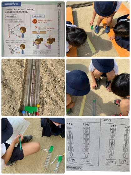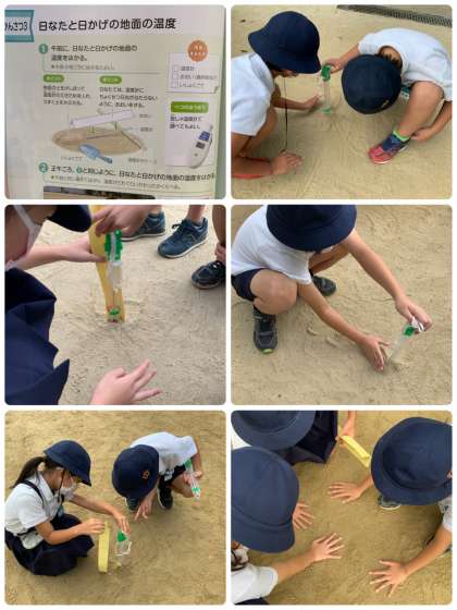 グループで協力して観察し、温度計のめもりを見たり、地面を手で触ったりして、温度のちがいに驚いていました。
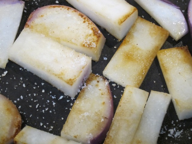 お塩だけで十分美味しい温サラダになりました。
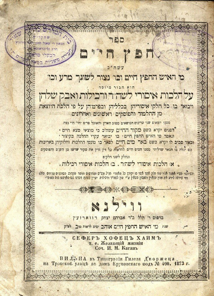 Chofetz Chaim. Vilna, 1873. First Edition.
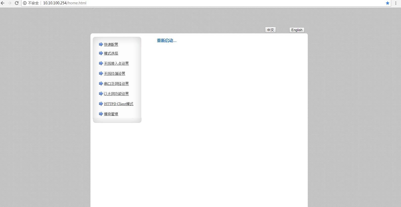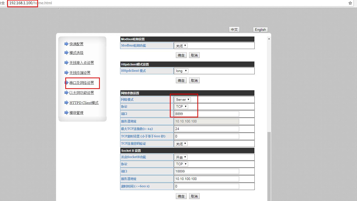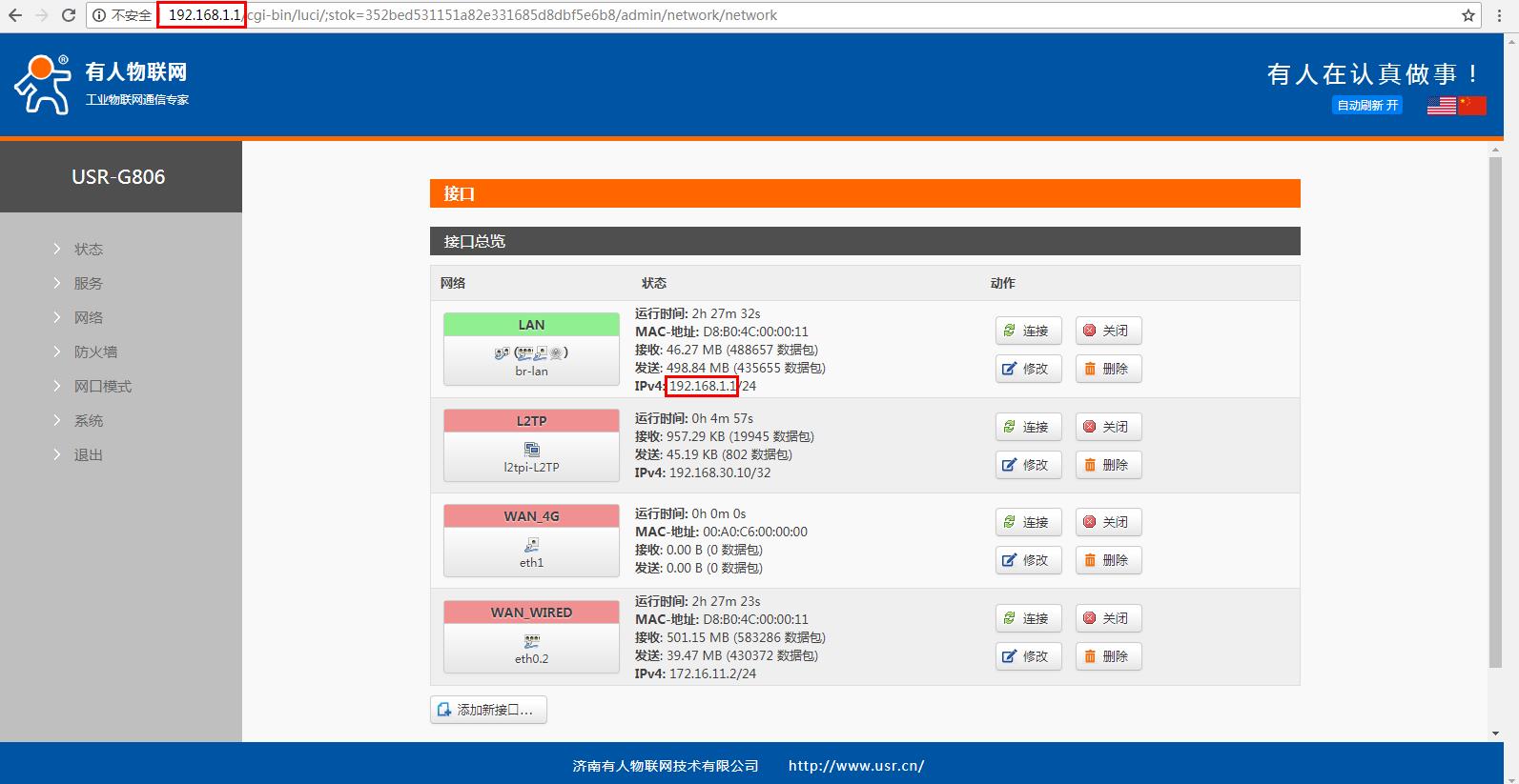 1、電腦連接路由器的wifi,電腦瀏覽器使用設置的IP 192.168.1.100,登錄USR-W610的內置網頁。
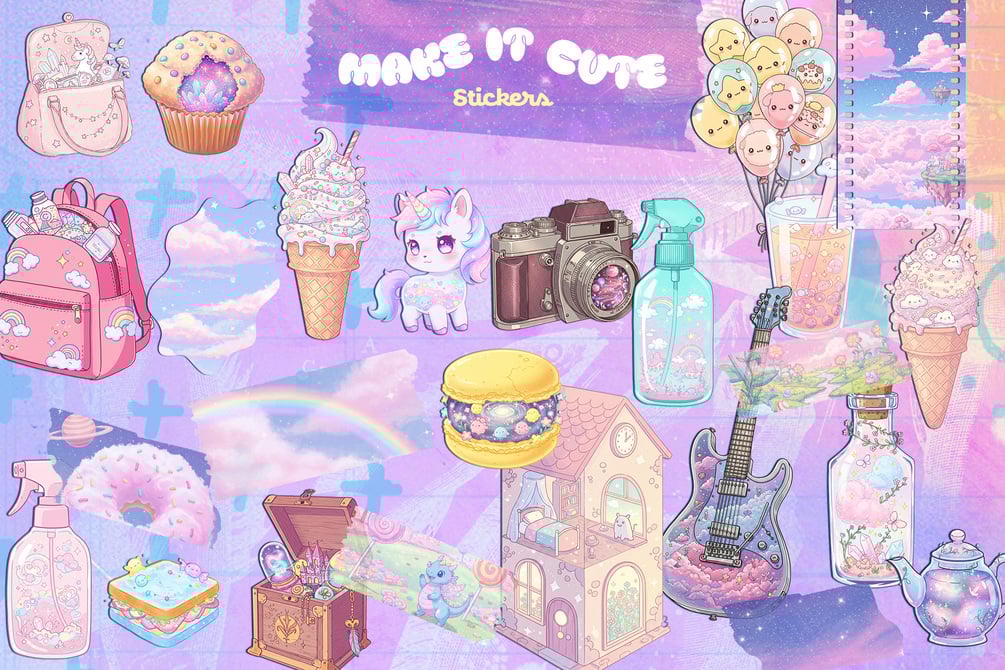 Let your creativity sparkle and turn anything into a feel-good masterpiece with the "Make it Cute" sticker pack. 🧁✨

· · · · · · ·

— Task —
Extract precisely the lines beginning at the line containing "Chofetz Chaim. Vilna, 1873. First Edition." and ending at the last line of the entries above, exactly as written and with no pictures.

— Your solution —
 Chofetz Chaim. Vilna, 1873. First Edition.
 1、電腦連接路由器的wifi,電腦瀏覽器使用設置的IP 192.168.1.100,登錄USR-W610的內置網頁。
 Let your creativity sparkle and turn anything into a feel-good masterpiece with the "Make it Cute" sticker pack. 🧁✨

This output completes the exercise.